DSIJ Mindshare

HSIL: Recommendation Review

We had recommended HSIL in DSIJ Vol. 27, Issue No. 4 (dated January 30–February 12, 2012). We had recommended the stock based on the company's dominant position in the sanitaryware market. We believe that HSIL is a clear beneficiary of the growth in the industry, which is at around 10-12 per cent per annum. The company is also undertaking a capacity expansion process, which will continue in FY13.
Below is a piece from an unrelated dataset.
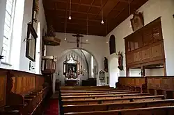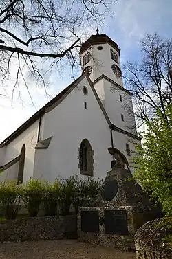 Die Pfarrkirche wurde um 1360 anstelle des karolingischen Vorgängerbaus erbaut, in dem 916 die Synode von Hohenaltheim stattfand und von dem nichts mehr erhalten ist. Die Saalkirche besteht aus einem Langhaus, das 1755 nach Westen verlängert wurde, einem gleich breiten Chor im Osten, dem 1617/18 errichteten Chorflankenturm auf gotischen Grundmauern an dessen Nordwand und einem Anbau an der Südwand des Langhauses, der ursprünglich für die Fürsten reserviert war, und heute als Sakristei und Vestibül dient. Der Chorflankenturm wurde mit einem achteckigen Geschoss, das die Turmuhr und den Glockenstuhl beherbergt, aufgestockt und mit einer Zwiebelhaube bedeckt. Der Innenraum des Langhauses ist mit einer Holzbalkendecke überspannt, der des Chors mit einem Kreuzrippengewölbe. Die Kirchenausstattung ist neugotisch, das Taufbecken stammt jedoch aus dem 11. Jahrhundert. Ein Tafelbild, auf dem die Grablegung dargestellt ist, wurde 1762 gestiftet.

HSIL has two business verticals, viz. sanitaryware (47 per cent of revenues) and the container glass division (53 per cent of revenues). Its business is well diversified across all territories in India. The southern market contributes 30 per cent of its revenues, the north accounts for 25 per cent and 45 per cent comes from the rest of India. Higher volumes and better realisations have been key to the growth in both the divisions of this company. It has the biggest network of distributors and retailers in this industry, which is another factor that we considered while recommending the stock. Its brand, Hindware, enjoys a dominant market position with a 40 per cent market share, and adds 68 per cent to the total revenues of the company.

HSIL’s margins have been increasing over the last five years. It recorded an impressive growth of 21 per cent in the topline and 27 percent in the bottomline for 9MFY12. In the recently-concluded quarter, the company reported sales growth of 22 per cent, but its net profit saw a decline of six per cent mainly due to the rupee depreciation. Given that the rupee is still over the 52 per dollar mark, we see the company’s profitability taking some more beating going forward. With this rationale, we believe that investors should take this opportunity to book profits in the counter at its CMP of Rs 166, which gives an impressive 25 per cent capital appreciation from the recommended price of Rs 133.